Using the records below, give again exactly the lines from the line that contains "Stine Goya black" through the line that contains "Personenbezogene Daten auf", both ends included, and only those.

▸ **Record excerpts**

* * * *

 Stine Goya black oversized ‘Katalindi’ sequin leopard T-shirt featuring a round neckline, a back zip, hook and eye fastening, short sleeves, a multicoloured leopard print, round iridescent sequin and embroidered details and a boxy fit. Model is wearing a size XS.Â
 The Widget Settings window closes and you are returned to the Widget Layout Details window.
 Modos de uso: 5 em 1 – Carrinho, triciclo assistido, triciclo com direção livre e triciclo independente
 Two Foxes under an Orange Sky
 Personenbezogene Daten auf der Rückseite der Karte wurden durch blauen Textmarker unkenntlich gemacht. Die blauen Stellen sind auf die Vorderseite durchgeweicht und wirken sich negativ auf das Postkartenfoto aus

* * * *

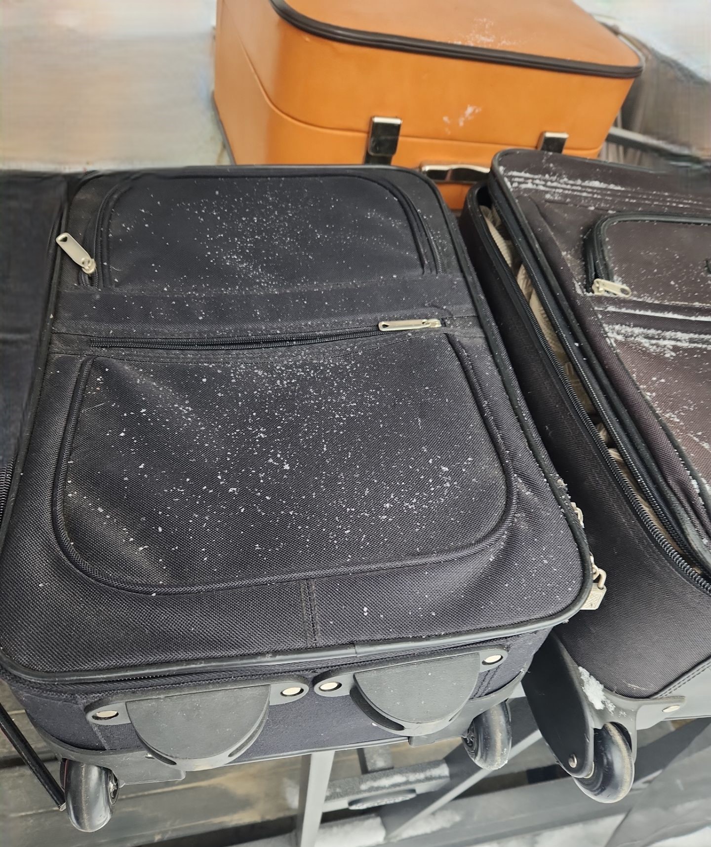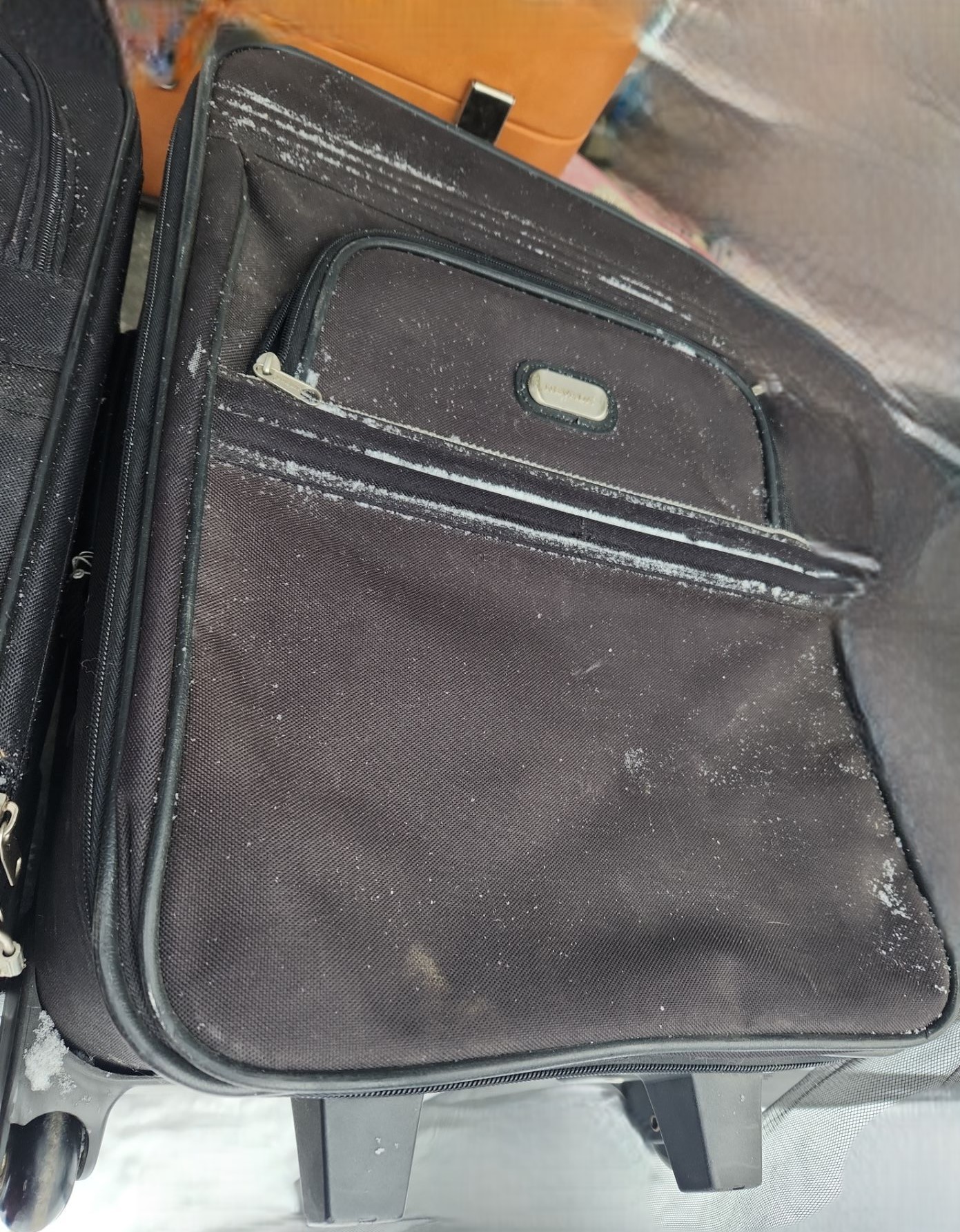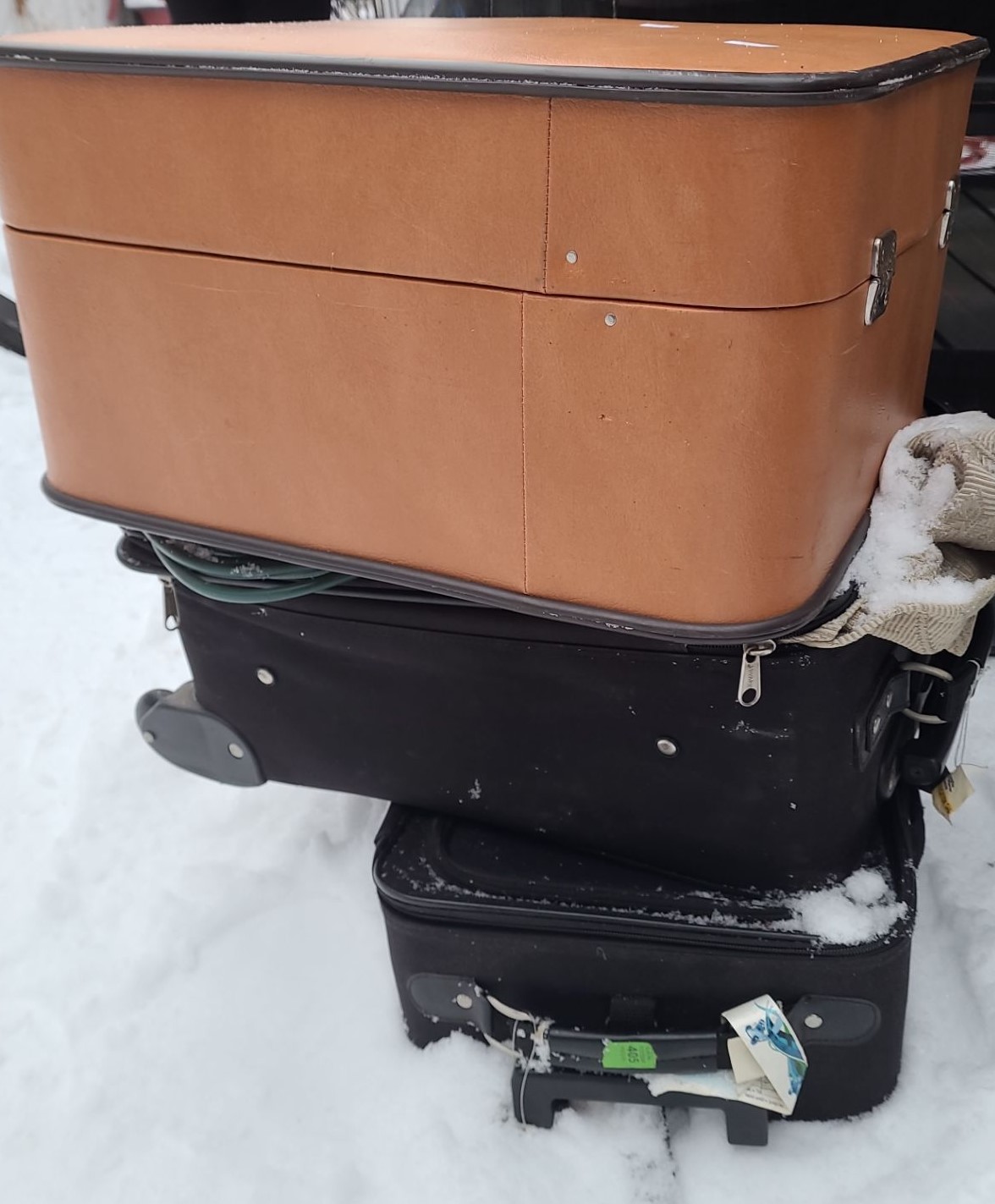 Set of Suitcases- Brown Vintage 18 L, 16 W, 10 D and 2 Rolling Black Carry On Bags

* * * *

▸ **Answer to the problem**
 Stine Goya black oversized ‘Katalindi’ sequin leopard T-shirt featuring a round neckline, a back zip, hook and eye fastening, short sleeves, a multicoloured leopard print, round iridescent sequin and embroidered details and a boxy fit. Model is wearing a size XS.Â
 The Widget Settings window closes and you are returned to the Widget Layout Details window.
 Modos de uso: 5 em 1 – Carrinho, triciclo assistido, triciclo com direção livre e triciclo independente
 Two Foxes under an Orange Sky
 Personenbezogene Daten auf der Rückseite der Karte wurden durch blauen Textmarker unkenntlich gemacht. Die blauen Stellen sind auf die Vorderseite durchgeweicht und wirken sich negativ auf das Postkartenfoto aus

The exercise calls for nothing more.